O papa discursou no dia 5/2 no Simpósio “Novas Formas de Fraternidade Solidária, de Inclusão, Integração e Inovação”, realizado no Vaticano, com a participação de economistas, ministros da economia, banqueiros, etc. Como todos os discursos do papa Francisco, esse também gera polêmica.

Eu posso fazer um esforço para interpretar o discurso do papa de modo que nós dois estejamos em acordo. Creio ser meu dever como católico fazer isso, inclusive. No entanto, eu posso discordar do papa se as soluções práticas apontadas por ele me parecerem equivocadas.

Apontar as faltas de caridade e moderação, como fez o papa, é corretíssimo. Tampouco há o que se contestar sobre a finalidade última da política e da economia: “buscar o bem comum, a justiça social, a paz, bem como o desenvolvimento integral de todo indivíduo, de toda comunidade humana e de todas as pessoas.” Em princípio, portanto, não tenho qualquer objeção ao papa. O discurso, todavia, tem problemas – ainda que o papa tenha falado diversas verdades.

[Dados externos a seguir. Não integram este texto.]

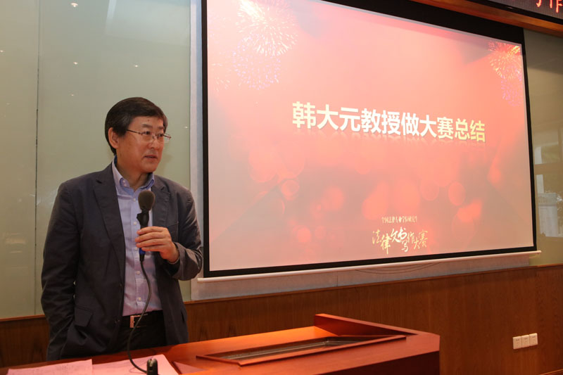 韩大元教授对比赛情况进行了精辟总结,他肯定了赛事的重要意义,并建议教指委教学评价体系将法律文书写作纳入其中,作为评价的重要尺度和标准。他认为法律人承载着民众和这个时代的责任和正义,法律文书不只是一般的文字表达,更是法治信念灵魂、价值立场的媒介和载体,希望法律人通过良善说理的法律文书真正维护社会公平正义,树立法治信仰,让公民未来生活有期待,对中国法治有信心。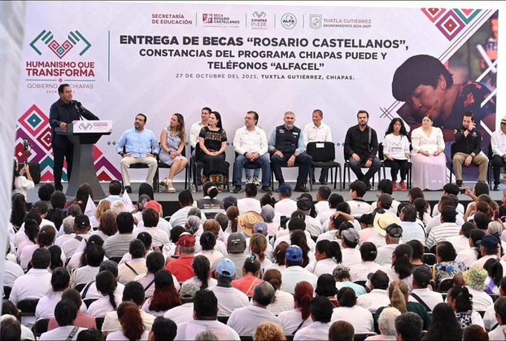 Durante la entrega de becas de alfabetización Rosario Castellanos, constancias del programa Chiapas Puede y celulares Alfacel, el gobernador Eduardo Ramírez Aguilar destacó que uno de los propósitos del gobierno de la Nueva ERA es fortalecer la educación. Enfatizó que se trabaja en unidad para que más personas aprendan a leer y escribir, con la meta de alzar bandera blanca como símbolo de que Chiapas ha vencido en la lucha contra la ignorancia.

O papa está certo ao expor que “um mundo rico e uma economia vibrante podem e devem acabar com a pobreza.” Afinal de constas, isso está acontecendo. A miséria vem diminuindo e a velocidade em que isso ocorre é enorme. Entretanto, o papa enxerga a realidade de outra forma. O problema me parece ser de percepção. Por exemplo, a afirmação “o mundo é rico e, todavia, os pobres aumentam ao nosso redor” é verdadeira, mas somente ao diferenciar-se miséria e pobreza.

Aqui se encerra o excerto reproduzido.